Moreover, researchers are encouraged to explore robustness in different ways. In the present study, robustness was studied by introducing variability at the between-individual level (i.e., in each iteration a proportion of individuals were removed). However, future research could remove chunks of data within-individuals, or a combination of chunks of data within-individual and whole individuals (Epskamp, 2020).
Generalizability from Nomothetic to Idiographic Networks and Heterogeneity of Individual Networks
The generalizability analyses were markedly different depending on the γ parameter. The constrained model fit well for most individuals only when γ = 0.5. This good fit might be due to a similar data-generating mechanism across individuals (i.e., individuals share the same processes). Moreover, the results suggest that mlVAR models effectively capture and summarize these mechanisms. However, follow-up analyses suggests that the apparent goodness of fit for the constrained model might be spurious. In the constrained model, the effects of the nomothetic model were forced to assess their fit with each individual’s data, which may have resulted in false positives. This is suggested by the higher proportion of very small but significant effects (i.e., between − 0.05 and 0.05) in the constrained model. These effects likely would not have been significant without being forced. Including these effects was necessary to evaluate the generalizability of the nomothetic model to idiographic models, which might have artificially improved the constrained model’s fit, leading to an unfair comparison.
However, when γ = 0.25 and γ = 0, the constrained model did not fit well. This sensitivity is conceptually expected. Stronger regularization (higher γ) retains only the most robust edges—relations that tend to generalize across individuals—whereas weaker regularization (lower γ) allows weaker and more person-specific edges to enter the model. As a result, a higher γ emphasizes shared processes, while a lower γ increases apparent heterogeneity. Therefore, while the nomothetic model appears generalizable to most individuals, this is only the case at γ = 0.5. With lower γ values, the opposite holds—i.e., the nomothetic model does not generalize well.
Idiographic VAR models require sufficient time points to reliably estimate temporal and contemporaneous edges, especially when networks contain many nodes. Recent work (Zhang et al., 2025; Mansueto et al., 2023) has shown that models with 8–10 nodes may need considerably more than 200 observations to avoid overfitting and low power. Our idiographic models should therefore be interpreted cautiously. Because Goals 2a and 2b focused on relative differences between constrained and unconstrained networks—rather than precise estimation of individual edges—we emphasize that the results reflect patterns of model fit rather than exact edge values. However, as Zhang et al. (2025) note, predictive accuracy can still be limited when the number of datapoints is modest. Therefore, conclusions regarding heterogeneity (Goal 2a) and generalizability (Goal 2b) should be understood in light of this methodological constraint.
The results of the heterogeneity analyses are in line with the generalizability analyses. While the majority of comparisons favoured the homogeneity model, a number of individuals displayed different network structures.
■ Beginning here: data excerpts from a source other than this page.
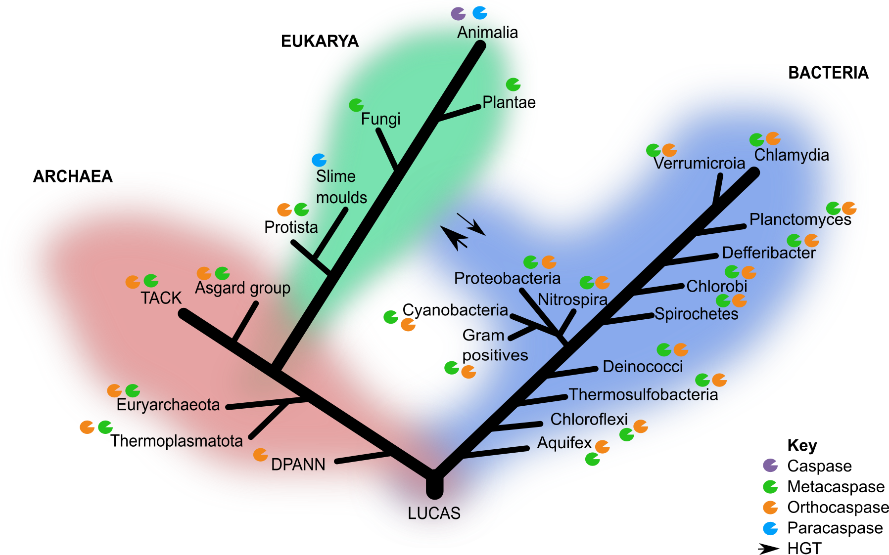 Figure 1 Canonical 3-domain tree of life with caspase homologs. Only the groups of interest included in this study are indicated. HGT events between the domain eukarya and bacteria are indicated by the arrows and thickness indicates the frequency of the event.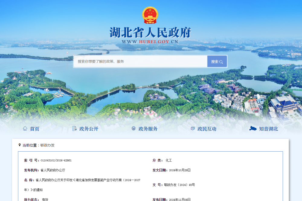 11月8日,湖北省人民政府辦公廳關(guān)于印發(fā)《湖北省加快發(fā)展氫能產(chǎn)業(yè)行動方案(2024—2027年)》的通知。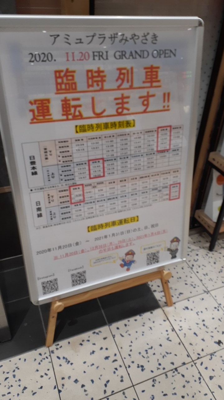 2020年12月27日現在、アミュプラザみやざきのオープンに伴う臨時列車の運行があるそうですが・・・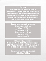 Пшеница цельнозерновая, мука мясная, пульпа свекольная, масло кукурузное, печень гидролизованная, жир животный, комплекс витаминов и минералов, дрожжи, экстракт розмарина, антиоксидант.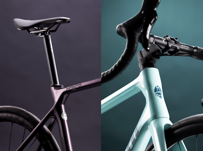 Les deux autres versions sont équipées de groupes mécaniques Shimano 105. Le premier dispose d’un guidon semi-intégré et de roues Velomann Palladium 33 , tandis que le second dispose de roues en aluminium Velomann V30R .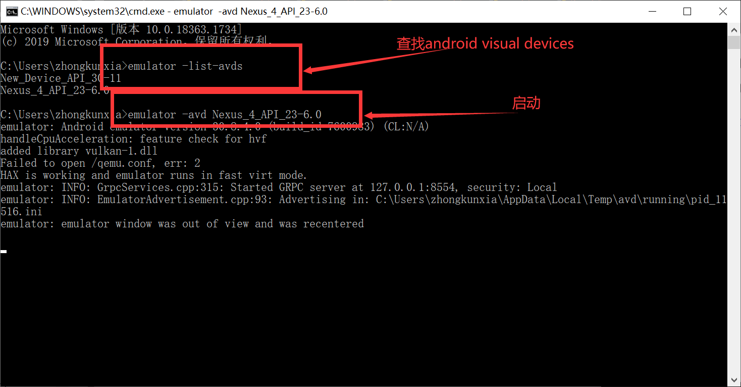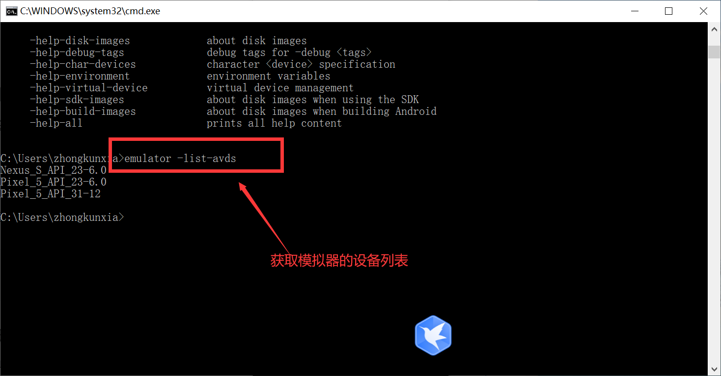 1. 获取andorid studio生成的模拟器设备列表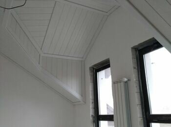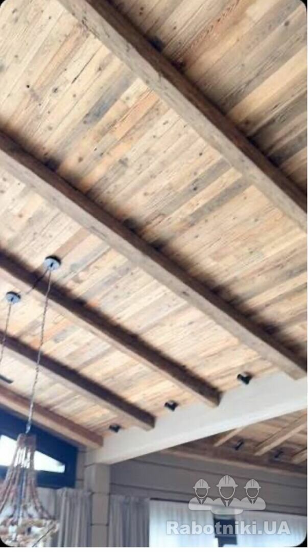Потрібно по існуючим балках покласти деревʼяний потолок.Буде використовуватимь дошка для підлоги товщиною 35 міліметрів.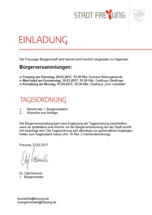 Bürgerversammlungen der Stadt Freyung - Stadt Freyung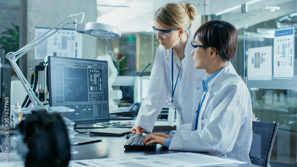 Wall mural asian scientist sitting at his desk consults senior engineer about sophisticated coding and programm - Wall murals Wall mural asian scientist sitting at his desk consults senior engineer about sophisticated coding and programm - Wall murals

This suggests inter-individual heterogeneity due to different data-generating mechanisms (i.e., individuals display different processes). Together with the generalizability results this suggests that while the nomothetic model was generalizable to most individuals at γ = 0.5, those individuals who were not well represented by this model may have differeddue to inter- individual heterogeneity. Notably, work on minimally sufficient sets of symptoms suggests that heterogeneity may partly reflect redundant pathways rather than truly distinct processes (Fisher, 2025). Future work could integrate this perspective into network modeling by identifying minimally sufficient sets of edges as a function of a clinical benchmark. This approach may reduce apparent heterogeneity and highlight core relations driving individual differences.
A relevant avenue for future research is establishing a fairer comparison between the unconstrained and the constrained model. For example, this could be to take out the smallest effects in the constrained model until both the unconstrained and the constrained model have the same number of significant effects. However, it could be argued that with this approach the constrained model does not represent the true constrained model anymore. Alternatively, simulation studies could replicate the presented generalizability analyses with simulated data of individuals coming from the same model (homogeneous individuals) and from different models (heterogeneous individuals). Such a study would show what is the expected EBIC difference or what percentage of individuals display a better fit for each model when the sample is homogeneous and when the sample is heterogeneous. Based on these results it will be easier to draw conclusions if these analyses are applied to real data.
The limited generalizability of the nomothetic model together with the heterogeneity results show the urgency of finding criteria to define homogeneous groups. Such homogeneous groups are needed because nomothetic findings from heterogeneous groups might not be applicable to the individuals composing such group. Only when nomothetic research is carried out using homogeneous groups the findings are applicable to all individuals in that group (Molenaar & Campbell, 2009). Usually, diagnostic criteria are used to create homogeneous groups based on a diagnostic label, such as Major Depressive Disorder (MDD). However, it has been shown that there is large inter-individual heterogeneity is symptom profiles among people sharing the same diagnosis (e.g., MDD; Fried et al., 2020; Fried & Nesse, 2015). More specifically, the unique MDD profiles based on symptom combinations were studied in 3703 depressed outpatients. The most frequent profile was shared by only 2% of individuals, and 14% of individuals had unique profiles not shared by anybody else. Finally, 86.2% of profiles were shared by 5 individuals or fewer. These findings align well with the results of the current study, similarly pointing to large inter-individual heterogeneity, even when the people in the group share the same diagnosis. However, studying the homogeneity of individuals displaying sets of symptoms that are minimally sufficient to meet a clinical benchmark (Fisher, 2025) might help find more homogeneous groups.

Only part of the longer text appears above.